The last third of the book was the hardest to read. It described the political expediency and pure greed that induces the coal lobby and US politicians to ignore, minimize and paper over the true costs of burning coal. Easy, low-cost solutions that can reduce coal's effect on the environment are put off as long as possible so coal execs can get a few more years of profits from the black rock. The public is misled to keep shareholders happy and politicians in office. This section caused me to put the book down out of frustration with our greed-drive political system.

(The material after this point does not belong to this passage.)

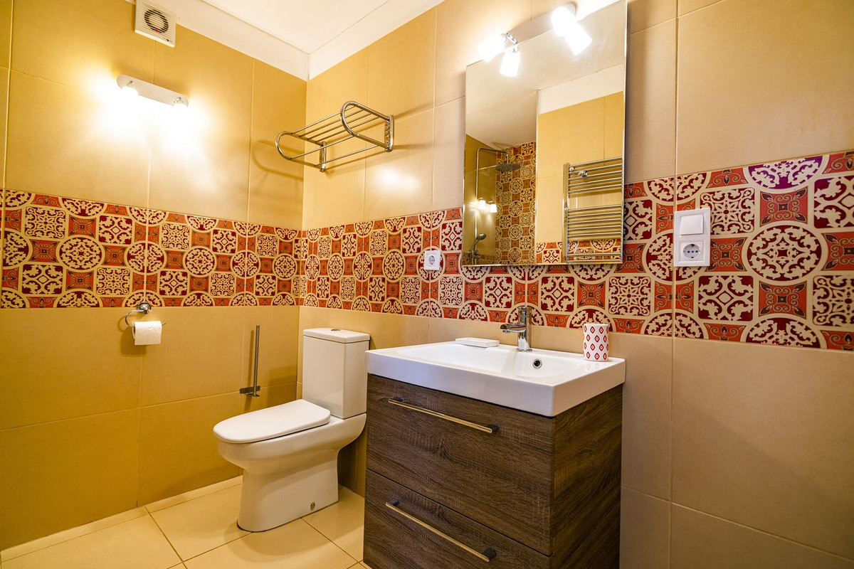 L'hébergement pour les invités comprend quatre chambres doubles spacieuses, dont une grande chambre familiale, toutes dotées d'une salle de bains privative et trois d'entre elles donnant accès à une terrasse. L'espace privé réservé aux propriétaires comprend une chambre double avec salle de bains privative, deux balcons-terrasses et une buanderie.
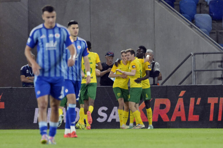 Hráči MFK Žilina sa tešia po strelenom góle počas futbalového zápasu 8. kola nadstavbovej časti Niké ligy o titul 2024/25 medzi ŠK Slovan Bratislava - MŠK Žilina. Bratislava, 3. máj 2025. Foto: SITA/Milan Illík.

But do not despair. "Big Coal" lays out the entire complex picture of coal and the industry required to harvest and exploit it. The book is not an attempt to destroy the coal industry or to destroy America's technological leadership. It is a clear-eyed and straightforward assessment of a difficult and complex reality. Reading the book will help you understand the many facets of the way that coal keeps the global economy running and that will (without adequate protections) land us in a world of hurt. Goodell's even-handed and comprehensive appraisal of the issues that fuel the coal controversy may make him seem biased in the eyes of some. And he is biased, if by this one means that he values clean air and land, a future free of climate change and live miners living to healthy old age with their families. But he is always fully truthful.

"Big Coal" will help you understand the issues -- technological, political, moral and economical-- to be tied to getting our power from coal. The Black Rock employs tens of thousands, allows millions to live in luxury and enables our nation's technological success. Yet it poisons our children, warms our planet and takes or shortens the lives of hundreds of thousands. I appreciated "Big Coal" for its ability to lay out the facts without the smog of industry and political obfuscation that usually accompanies their telling. An excellent, quite readable and educational book.